Another area that we’re focusing on is emerging technology trends with the goal of helping our clients understand where we see technology going and what the implications will be for their mission. A third example is enterprise risk management systems and methodologies, which is a big focus in the commercial sector and is just now getting traction in the federal government.
Looking specifically at the intelligence business, we’re focusing on ways to leverage our capabilities for specific mission challenges. One area of particular interest for us right now is social media analytics. In the commercial world, we’re doing some interesting and creative work around applying what you can learn from the streams of information coming through social media. Some of this is applicable to the challenges that the intelligence community is facing right now with the significant growth of these platforms. It’s another area where we’re leveraging commercial leading practices and getting a positive response from clients around the community.
ExecutiveBiz: How is your company helping the customer adjust to the new budget environment and how is that affecting the company’s main focus areas?
Chase: There are a couple different dimensions to this question. With regard to how we’re helping, I previously mentioned our restructuring and realignment solution, which operates as a cornerstone, but we are also actively delivering a variety of services across our client organizations including process improvement, change management, and different types of organizational studies.

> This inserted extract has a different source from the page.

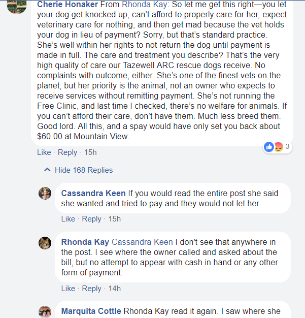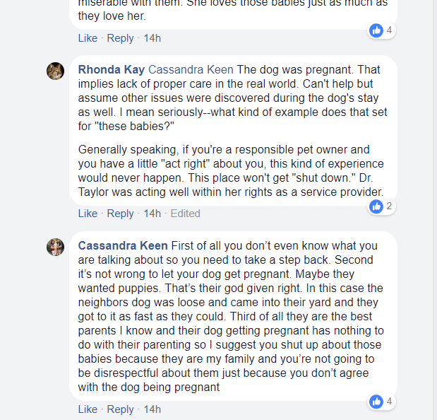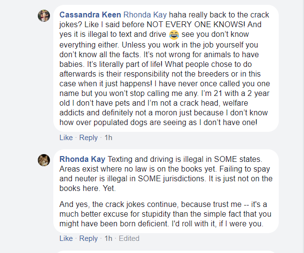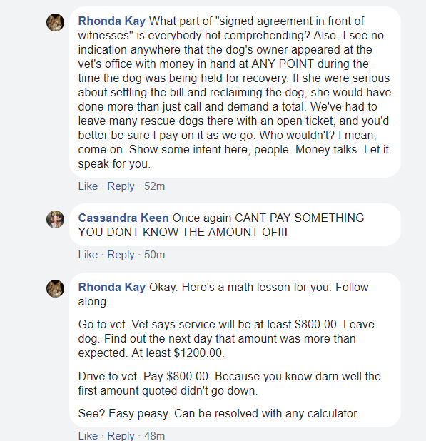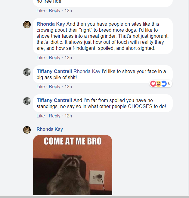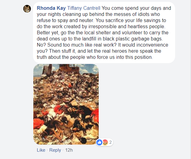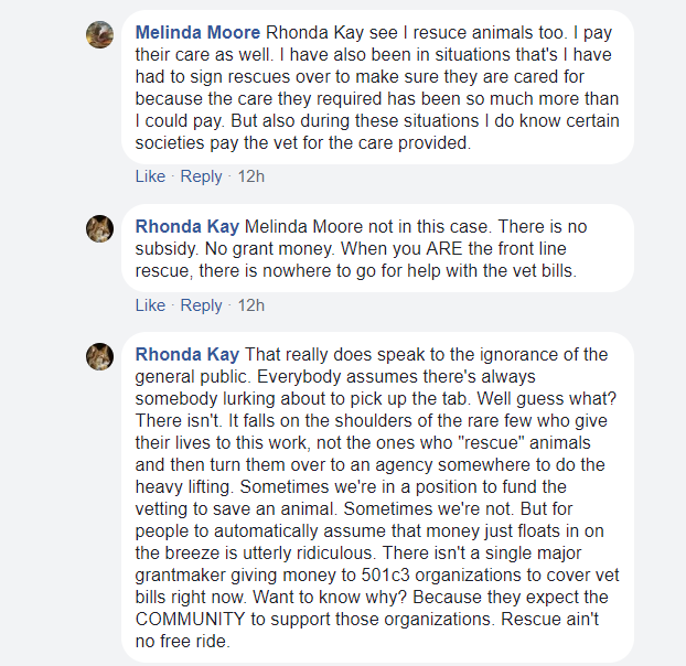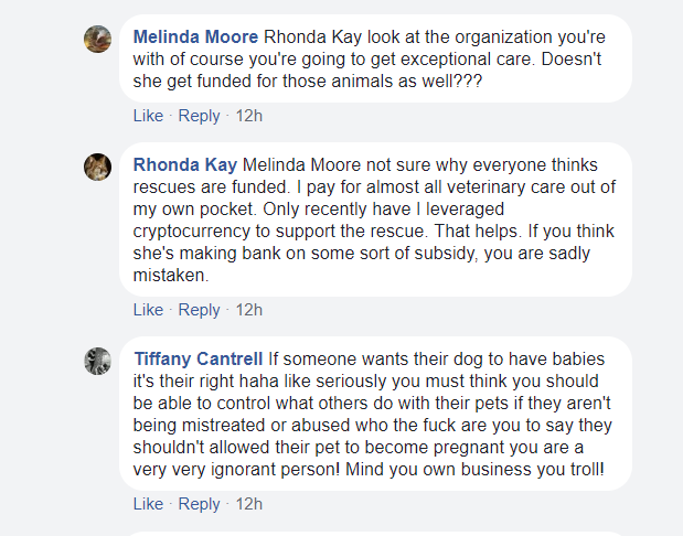 My rescue’s Facebook post about this situation can be found HERE. The offended parties in this situation have added many screenshots in the comments, but I made sure to save them in case the backlash gets too heated and they make them disappear. I've put a lot of those screenshots in this post. Yes, for the entertainment value, but also to capitalize on the Blockchain's permanency. I've had a blog hacked and deleted before. It's one of the things that drove me to Steemit in the first place.

When we look at things from a business perspective there are many ways to prepare for the coming changes. We see potential budget cuts as presenting an opportunity for our federal clients to begin driving efficiencies across organizations. Although we’re likely to see some across the board budget cuts, we’re seeing most of our customers trying to think through their fiscal challenges strategically. These customers will be inclined to carefully and surgically take costs out of the right places. For the customers that are approaching the problem this way, I think Deloitte is well positioned to help.
Deloitte continues to focus on transformation. Transformational programs will keep coming, and as they do, Deloitte is positioned well to assist. As the government determines its budget priorities we can’t lose sight of the fact that client value is going to come into play very heavily in many of the budget cutting exercises that take place. It’s up to us as a company to make sure that our clients see real value from our teams and the results that we’re driving.
ExecutiveBiz: How do you use your previous experience at BearingPoint and how has that helped you transition into your current role?
Chase: Throughout my career – and I’ve spent almost 20 years in consulting now – I’ve had the good fortune of consistently working around great leaders – people that have coached me, empowered me to think through the tough problems, and supported my vision and approach to the market. This continued when I came to Deloitte – the organizational culture was very similar.